§ About this exercise:
No pictures belong in the copy. Restate the rest of the data exactly.

§ Data:
▽

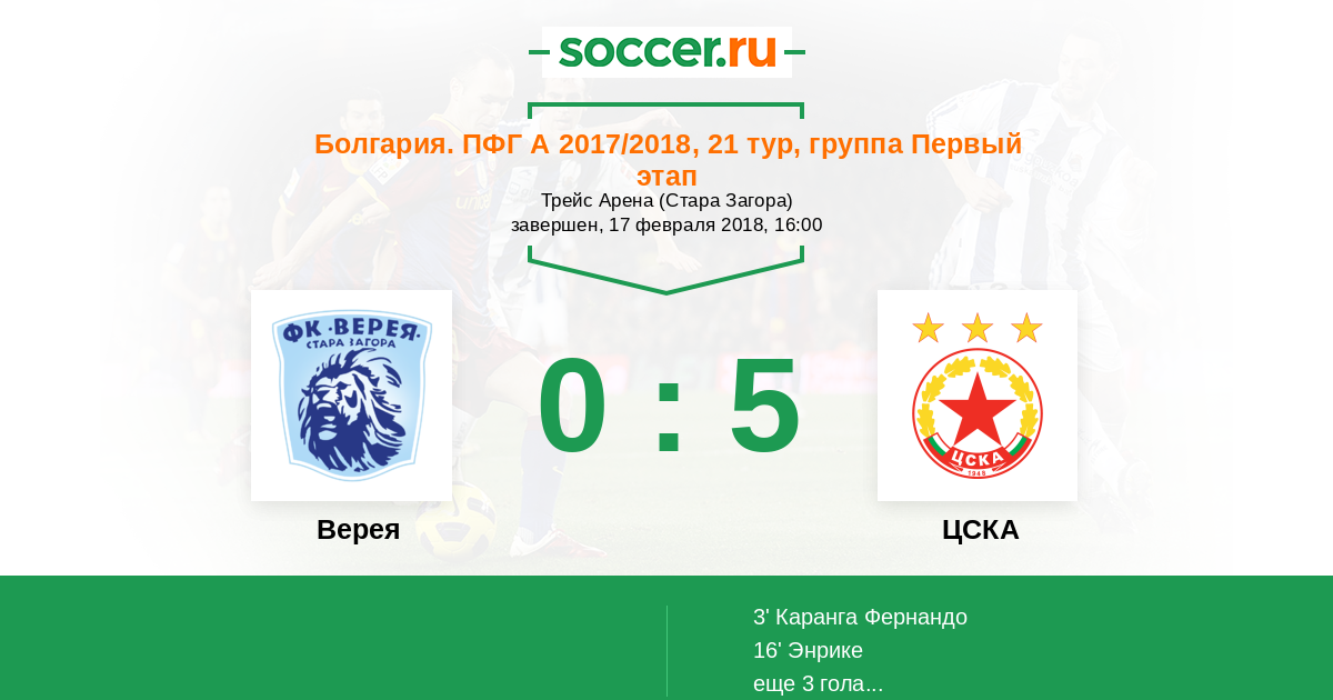 Протокол матча Верея против ЦСКА
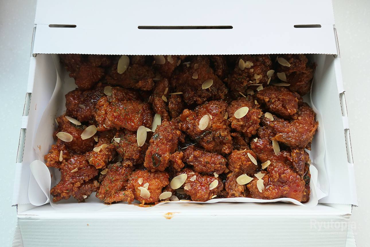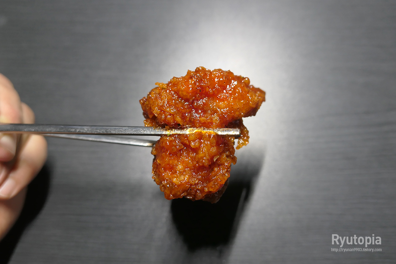 뭐랄까 '모범적인 닭강정의 정석' 을 보는 듯한 맛인데 진짜 호불호 별로 안 타고 누구나 좋아할 만한 맛이라는 게 큰 강점인듯.
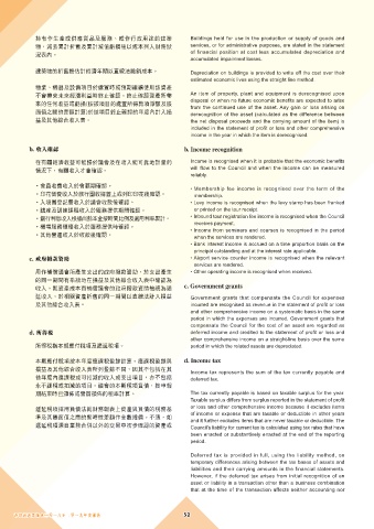 延收入,於相關資產折舊的同一期間以直線法計入損益 Government grants that compensate the Council for expenses

△

§ Result below:
 Протокол матча Верея против ЦСКА
 뭐랄까 '모범적인 닭강정의 정석' 을 보는 듯한 맛인데 진짜 호불호 별로 안 타고 누구나 좋아할 만한 맛이라는 게 큰 강점인듯.
 延收入,於相關資產折舊的同一期間以直線法計入損益 Government grants that compensate the Council for expenses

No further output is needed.